DATA SUPPLIED:
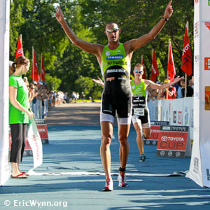 Filip Ospaly grabbed the win at the 2010 Nautica New York City Triathlon and with it helped his efforts in the Race to the Toyota Cup. Rebeccah Wassner won the women's title.
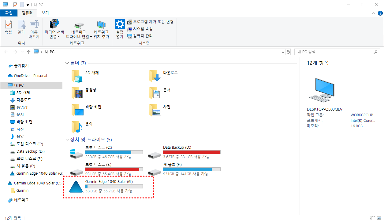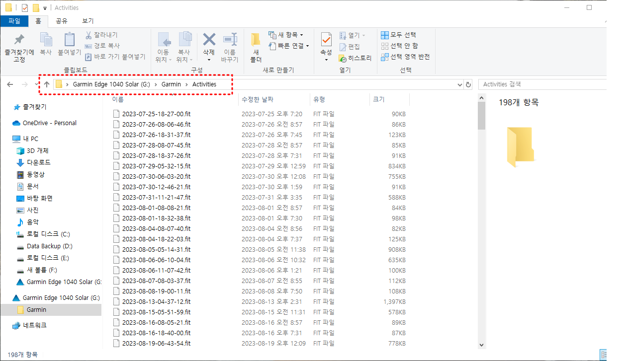 가민 엣지 장치와 컴퓨터를 연결하여 파일 탐색기에서 'Garmin' > 'Activities' 폴더로 이동하여 .fit 파일을 찾아서 백업하는 방식으로 진행됩니다.
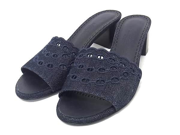 - 1円 ■美品■ HERMES エルメス デニム ヒール サンダル 表記サイズ 36 (約23cm) 靴 シューズ レディース ネイビー系 FP9047
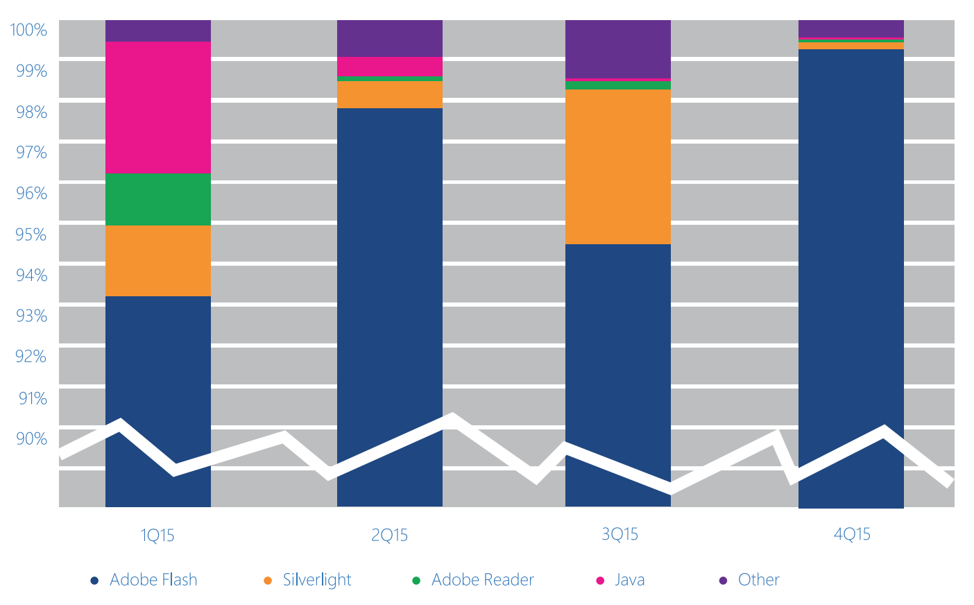 2015 年第一季度时含有针对 Flash Player 播放器的恶意网页在总体恶意网页中占有 93.3%,而到了第四季度则飙升到了 99.2%。
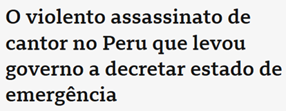 SE13145 - (Siga Escrevente. 2025. Inéditas) Paul Flores, cantor de uma banda de cúmbia popular na América Latina, foi assassinado na capital do país, na madrugada de domingo (16/03), após um show. Um grupo não identificado atirou contra o ônibus da banda Armonía 10, e dois disparos foram fatais para o cantor. A banda havia denunciado ameaças e tentativas de extorsão, nas quais eram exigidas altas quantias em troca de proteção. Um ataque semelhante havia ocorrido em dezembro, sem vítimas.
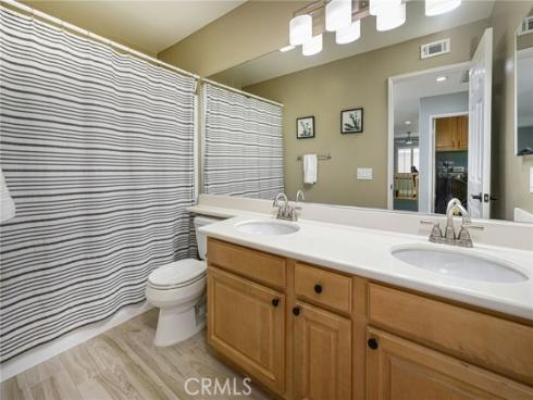 Welcome to 8851 Heatherwood tucked away high in the hills of beautiful Anaheim Hills ~ This home is situated in the Cambria development on a cul-de-sac street which features privacy and wide open views of city lights-mountains-hills ~ The home includes a light and bright open floor plan with walls of windows ~ There is a open concept kitchen overlooking the family room with sit down island / cozy eating nook / granite tile counters / fireplace / stainless appliances ~ 3 bedrooms + 4th bedroom currently used as a den + 3 full baths (One on main floor) + generous loft ~ New wood like luxury vinyl was recently installed throughout the entire home ~ Newer interior paint ~ Plantations shutters are throughout ~ The oversized primary suite features forever views-dual walk/in closets and sinks-separate soaking tub and shower ~ Large open upstairs loft has endless use options ~ Upper landing features a built-in desk with 2 adjacent secondary bedrooms that share a bath with dual sinks ~ Convenient upstairs laundry room with washer/dryer included ~ The private rear yard features a generous slate surface patio space and wide open views ~ Attends coveted Running Springs Elementary-El Rancho Middle-Canyon High ~ Convenient to shopping-restaurants-freeway-toll road-parks-hiking/biking trails ~ Low $110 HOA dues / 1.10% total property tax rate / No Mello Roos
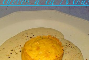 La receta es muy fácil, batimos cinco de los seis huevos con un poco de sal, añadimos el queso rallado, el jamón y unimos todo. Añadimos dos cucharadas de bechamel y dos de nata líquida y el sexto huevo batido. Removemos todo y colocamos en moldes engrasados con mantequilla y pan rallado.Yo llené hasta la mitad el molde, coloqué un trozo de queso en cada molde y añadí otro poco de la mezcla. Me salieron tres moldes.Se hornea al Baño María a 180 grados unos 25 minutos hasta que los mouses estén cuajados. Se acompaña de una bechamel caliente.
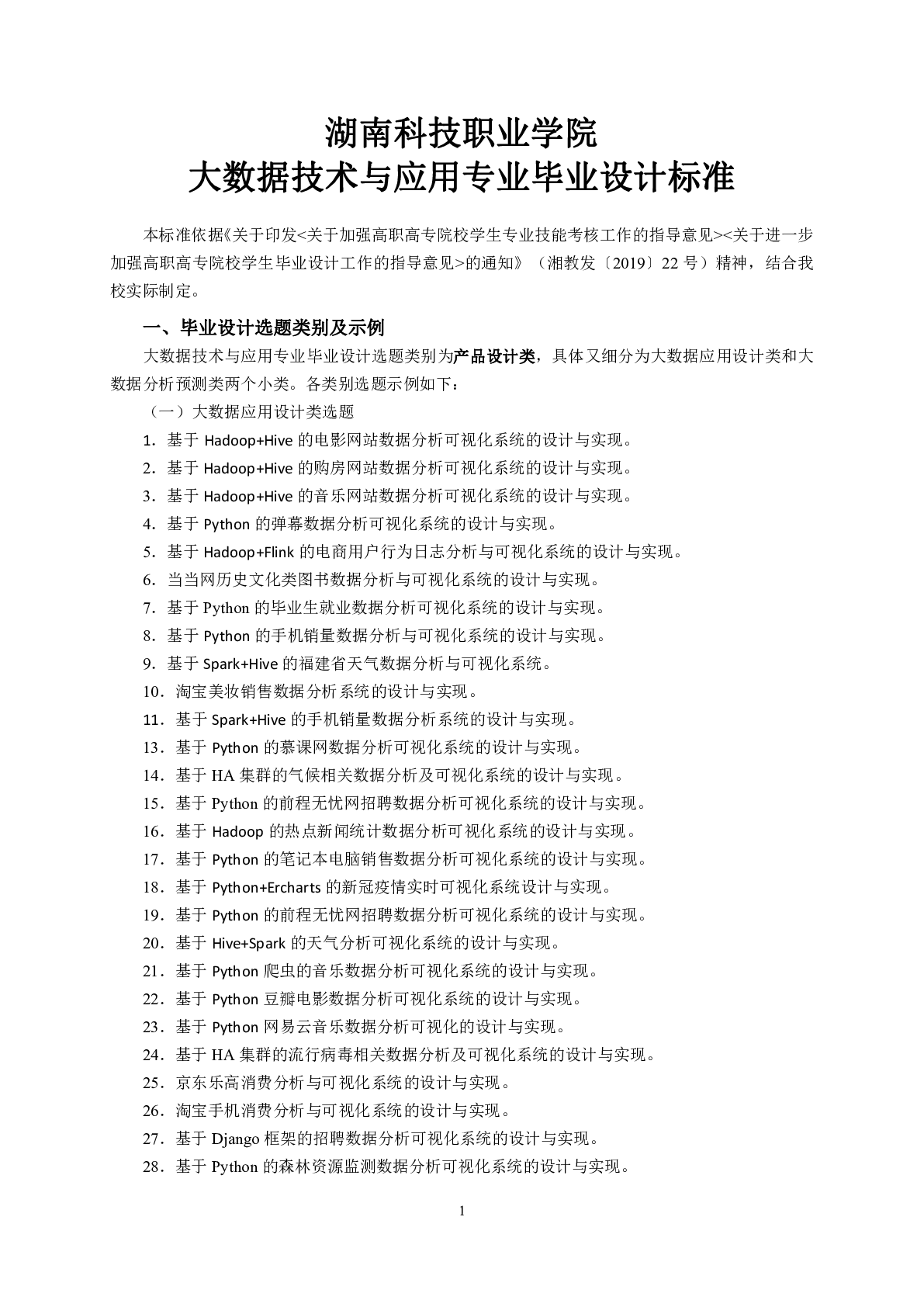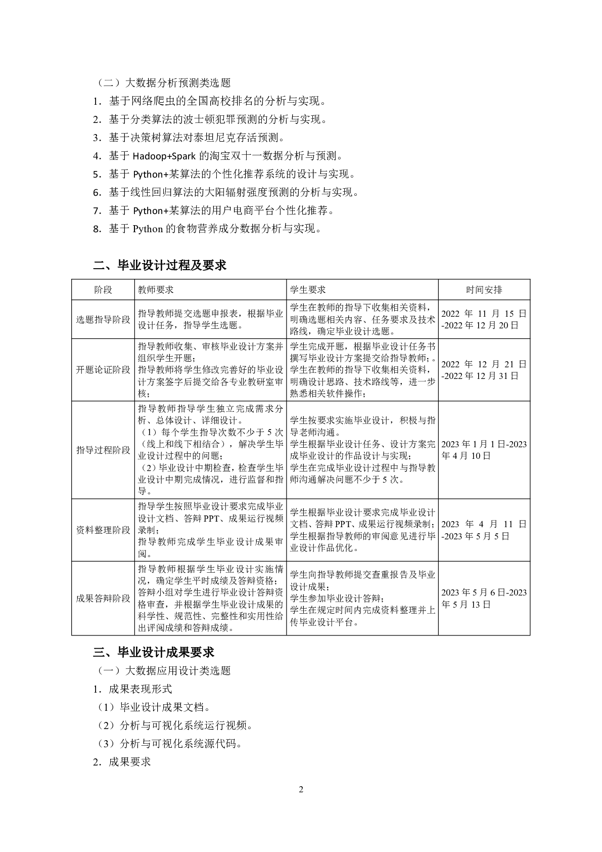 人工智能学院大数据技术与应用专业毕业设计标准(2023届)
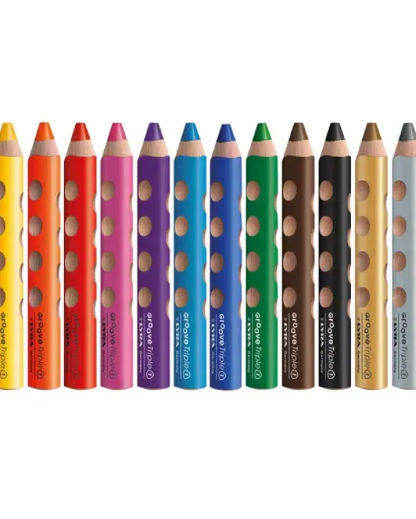 Trekantete blyanter med «grep» for tommel, pekefinger og langfinger. Passer like godt for både høyre og venstre hånd. Her er det kun fantasien som setter grenser! Med disse kan du tegne på papir, men du kan også bruke vann og male oppå, slik at du får en akvarell. Hvis du vil prøve noe nytt, kan du tegne på vinduet, og bruke en pensel med vann til å lage en morsom effekt!
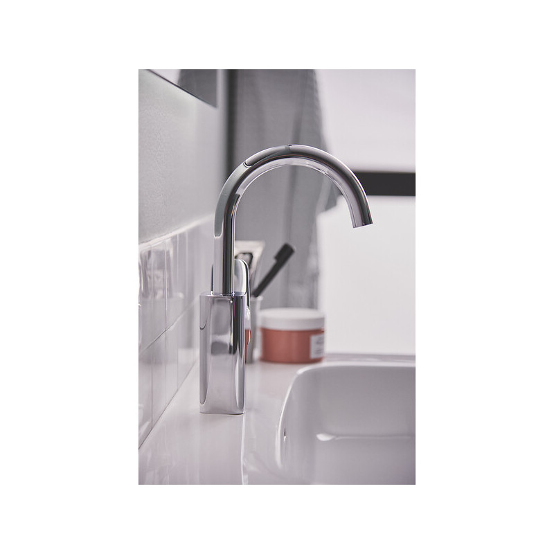 Finition : Chromé - Catégorie : Mitigeur mécanique - Appareil sanitaire : Lavabo - Débit (L/min) : 5 - Saillie (mm) : 145 - Unité de vente : (1 pièce) •
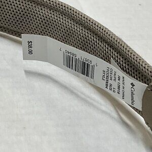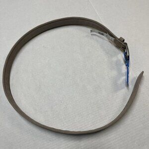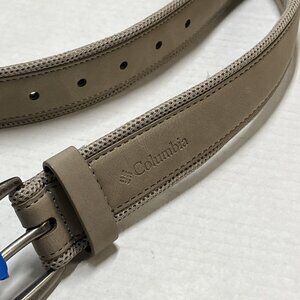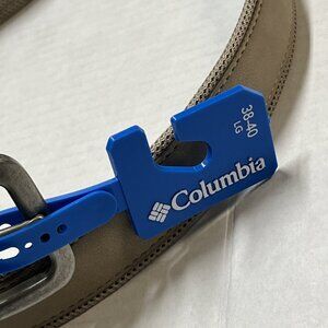 Columbia Belt Mens Large 38-40 Taupe Canvas Leather Brushed Sliver Buckle Preppy
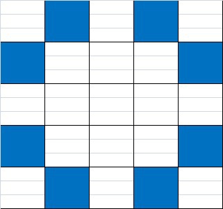 можно ли в квадрате 5*5 покрасить 8 клеток так, чтобы у каждой покрашенной клетки было ровно 3 нерокрашенных соседних клетки? Клетки считаются соседними, если у них есть общая сторона.
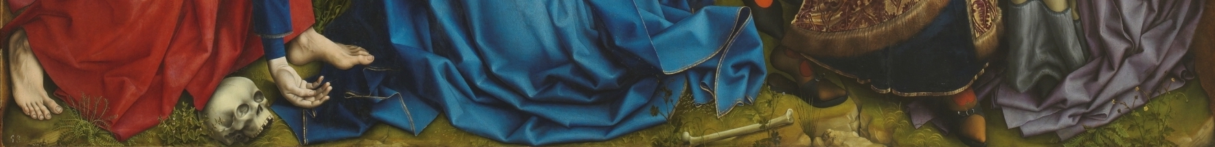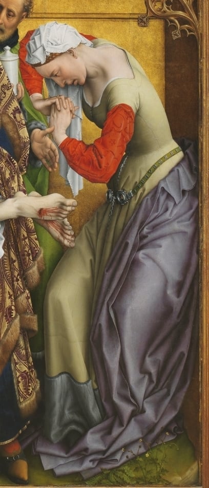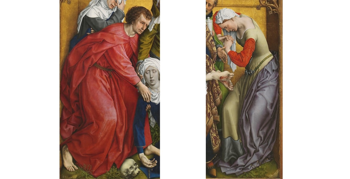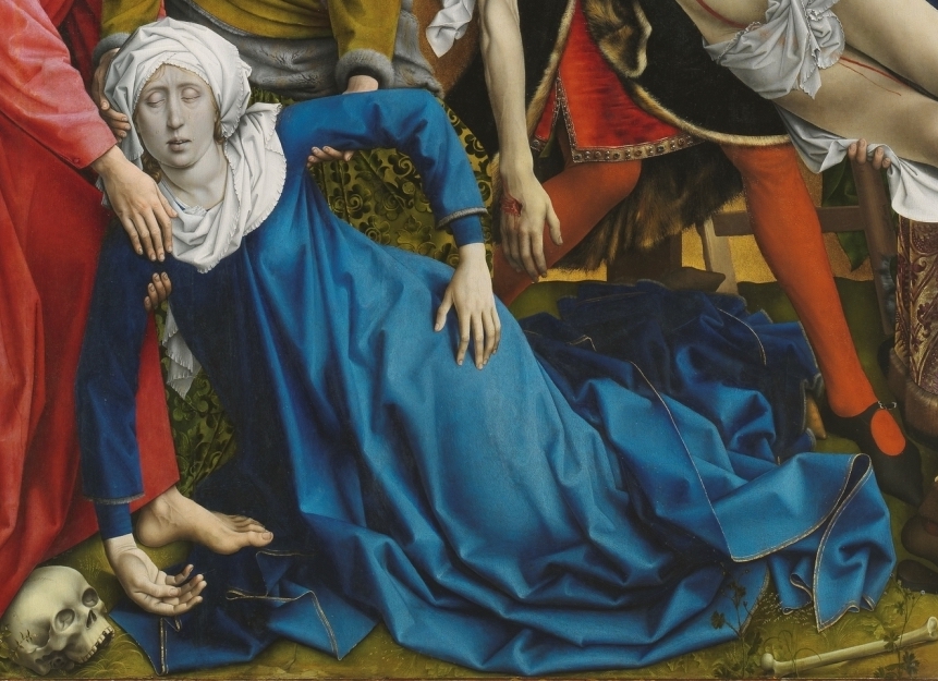 Más allá de Cristo y de su Madre, la única figura individualizada por su atributo iconográfico es María Magdalena, con el pomo de los ungüentos que nos habla tanto del entierro posterior como, principalmente, de la resurrección. La excelencia técnica de los pinceles de Van der Weyden, su capacidad de traducir expresiones y texturas diferenciadas, le convierte en uno de los mejores intérpretes de esta escena de la pasión.

TASK STATEMENT:
Write out again, exactly, the lines from the start of the listing up to the line containing "SE13145 - (Siga", with both ends and without pictures.

ANSWER SECTION:
 Filip Ospaly grabbed the win at the 2010 Nautica New York City Triathlon and with it helped his efforts in the Race to the Toyota Cup. Rebeccah Wassner won the women's title.
 가민 엣지 장치와 컴퓨터를 연결하여 파일 탐색기에서 'Garmin' > 'Activities' 폴더로 이동하여 .fit 파일을 찾아서 백업하는 방식으로 진행됩니다.
 - 1円 ■美品■ HERMES エルメス デニム ヒール サンダル 表記サイズ 36 (約23cm) 靴 シューズ レディース ネイビー系 FP9047
 2015 年第一季度时含有针对 Flash Player 播放器的恶意网页在总体恶意网页中占有 93.3%,而到了第四季度则飙升到了 99.2%。
 SE13145 - (Siga Escrevente. 2025. Inéditas) Paul Flores, cantor de uma banda de cúmbia popular na América Latina, foi assassinado na capital do país, na madrugada de domingo (16/03), após um show. Um grupo não identificado atirou contra o ônibus da banda Armonía 10, e dois disparos foram fatais para o cantor. A banda havia denunciado ameaças e tentativas de extorsão, nas quais eram exigidas altas quantias em troca de proteção. Um ataque semelhante havia ocorrido em dezembro, sem vítimas.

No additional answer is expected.